Little of this should be a surprise. The gap between estimates of returns to public investments in research and using these estimates to formulate budget allocations among missions, agencies, and disciplines was identified by Mansfield in the opening text of the social returns to R and D. Referring to the number of independent studies working from different models and different data bases that have pointed to very higher social rates of return, he noted, “But it is evident that these studies can provide very limited guidance to the Office of Management and Budget or to the Congress regarding many pressing issues. Because they are retrospective, they shed little light on current resource allocation decisions, since these decisions depend on the benefits and costs of proposed projects, not those completed in the past” (Mansfield, 1991, p. 26). The gap has yet to be closed.

Similar issues arise in using bibliometric data to allocate resources across fields.

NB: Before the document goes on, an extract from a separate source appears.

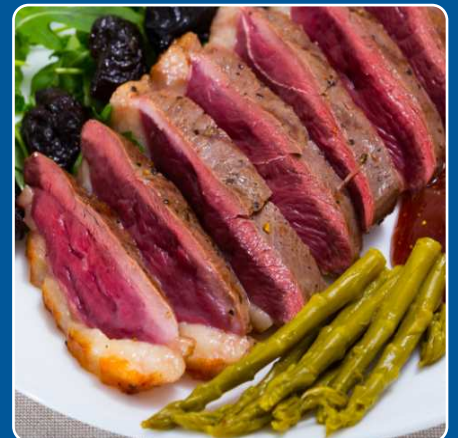
Magret de pato Entenbrust Duck breast Magret de canard 20,00 €

Over the last three decades, even as the U.S. position in the life sciences has remained strong, its world share of engineering papers has been cut almost in half, from 38 percent in 1981 to 21 percent in 2009, placing it below the share (33 percent) for the EU27. Similar declines in world share are noted for mathematics, physics, and chemistry (National Science Foundation, 2007; Adams and Pendlebury, 2010). One immediate, and simple interpretation of these data is that aggregate bibliometric performance is a function of resource allocation: a nation gets what it funds. But this formulation begs first the question if what it is producing is what it most needs, and then if what it is producing is being produced in the most efficient manner.


Having studied, written about, participated in, organized workshops on, and as an academic research administrator been affected by the use of performance measures, something more than an “on the one hand/on the other hand” balance sheet, a concluding section seems in order.

It’s simpler to start with the limitations of performance measures for they are real. These include the attempt to reduce assessment of complex, diverse, and circuitously generated outcomes, themselves often dependent on the actions of agents outside the control of Federal agencies, to single or artificially aggregated measures; the substitution of bureaucratically and/or ideologically driven specification and utilization of selective measures for the independent judgment of experts; and the distortion of incentives for science managers and scientists that reduces the overall performance of public investments. To all these limitations must be added that to date there is little publically verifiable evidence outside the workings of OMB-agency negotiations that implementation of a system of performance measurement has appreciably improved decision making with respect to the magnitude or allocation of Federal research funds. When joined with reservations expressed by both scholars and practitioners about the impacts of the new public management paradigm, it produces assessments of the type, “Much of what has been devised in the name of accountability actually interferes with the responsibilities that individuals in organizations have to carry out work and to accomplish what they have been asked to do” (Radin, 2006, p.7; also Perrin, 1998; Feller, 2002; Weingert, 2005; Auranen and Niemien, 2010).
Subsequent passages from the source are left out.